= Charles Mullins (physician executive) =

American physician (1934–2025)

Charles Brown Mullins (July 29, 1934 – December 4, 2025) was an American physician and the Ashbel Smith Emeritus Professor at the University of Texas Southwestern Medical Center. A cardiologist, Mullins served as the director of clinical cardiology and the cardiac catheterization lab at Parkland Hospital. Later, he was the executive vice chancellor for health affairs at the University of Texas System and the chief executive officer at Parkland.

==Education==
Mullins earned an undergraduate degree from the University of North Texas in 1954. He graduated from medical school at UT Southwestern Medical Center. After an internship in Colorado, Mullins became a flight surgeon in the U.S. Air Force. He completed a residency at Parkland Hospital and was a research fellow at the National Heart Institute in Bethesda.

==Career==
Mullins was a cardiologist at Parkland Hospital. He directed clinical cardiology and the cardiac catheterization lab there. He was on the faculty at the University of Texas Southwestern.
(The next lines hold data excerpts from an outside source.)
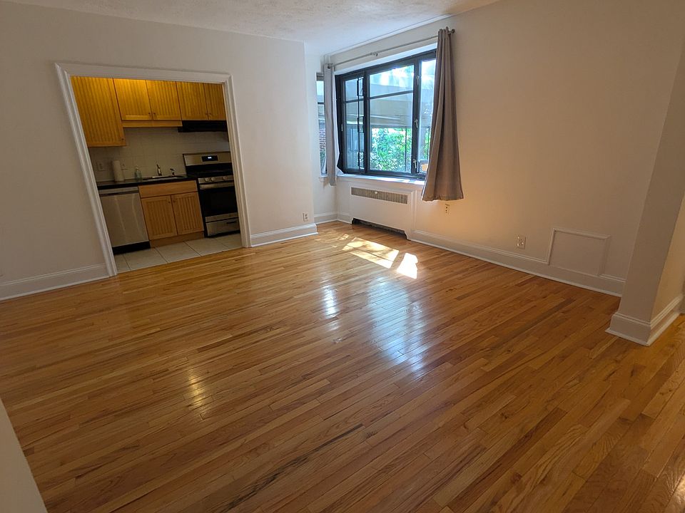 Still available! Fresh paint & ready for move in! Spacious and sunny 1 bed unit on Strathmore Rd. in Brighton, close to the B, C, and D lines and less than 1/4 mile to Cleveland Circle. Enter into a large living room with big windows and room for a table and chairs. Kitchen has dishwasher & disposal with newer cabinets and granite counters. Hardwood floors throughout, bright and sunny! Large bedroom with a big closet and renovated bath. Heat & hot water included in the rent. Great location on a quiet road but super convenient to multiple green line trains, Brighton Center, and Washington Sq. nearby. Cleveland Circle is right outside your door with tons of shops & restaurants, and the Chestnut Hill Reservoir walking & bike paths. Video tour available! Heat & hot water included, tenants pay for electric. Coin op laundry in building.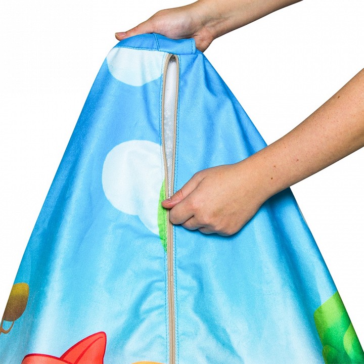 Данное кресло-мешок состоит из двух чехлов: внешний легко снимается и стирается в стиральной машине, и внутренний чехол из спанбонда. Внешний чехол сшит из 4 клиньев, на каждом из которых изображен персонаж мультфильма. Внутренний чехол наполнен гранулами пенополистирола. Гранулы, диаметром примерно 3 мм, позволяют сохранять заявленный объем товара в несколько раз дольше. Отверстия (люверсы) для отвода воздуха, исключают разрыв ткани при ‘плюханьи’ на кресло. Удобная ручка позволяет без труда переносить кресло даже детям.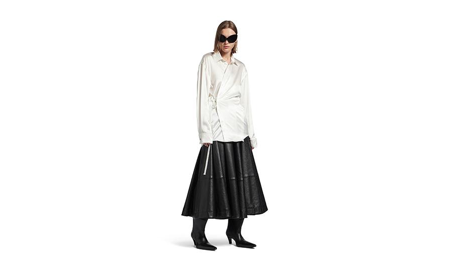 A Balenciaga faz história na indústria como a primeira casa de moda a implementar uma alternativa avançada de seda produzida por bioengenharia, desenvolvida com a startup AMSilk, sediada em Munique. Introduzido através de uma camisa e um vestido-camisa fluidos na coleção prêt-à-porter Primavera 26, o material livre de combustíveis fósseis reflete a aparência da seda tradicional, ao mesmo tempo que oferece maior elasticidade e resistência a rugas.

In 1979, Mullins was hired as Parkland's CEO. The year before, the hospital's new board of directors had made it a priority to look for a physician for the position, noting that other top public hospitals had physician leadership. During a two-year tenure as CEO, he facilitated the passage of a $90 million bond issue for improvements at the hospital, and the hospital improved its relationship with the University of Texas Southwestern. Mullins left Parkland in 1981 to serve as the executive vice president for health affairs at the University of Texas System.

Mullins rejoined the faculty at UT Southwestern in 2001. Mullins was named the Ashbel Smith Professor at UT Southwestern in 2004. He earned emeritus status at UT Southwestern in 2005.

Mullins was a past president of the Texas Medical Association's 50-Year Club, a group of physicians who graduated from medical school more than 50 years ago. In 2011, he reflected on the technological advances in medicine over his career, recalling that he once inserted pacemakers that were twice as large as a pack of cigarettes; pacemakers in the 21st century were about the size of a fifty-cent piece.

==Personal life and death==
Mullins was married to Stella Mullins, the former president and CEO of Mental Health America of Texas, until her 2012 death. They had two children. The University of North Texas named Charles Mullins a distinguished alumnus in 1989. After retiring from medical practice, he served on the board of directors for the People's Community Clinic, a charity medical clinic in Austin. Mullins died in Austin, Texas, on December 4, 2025, at the age of 91.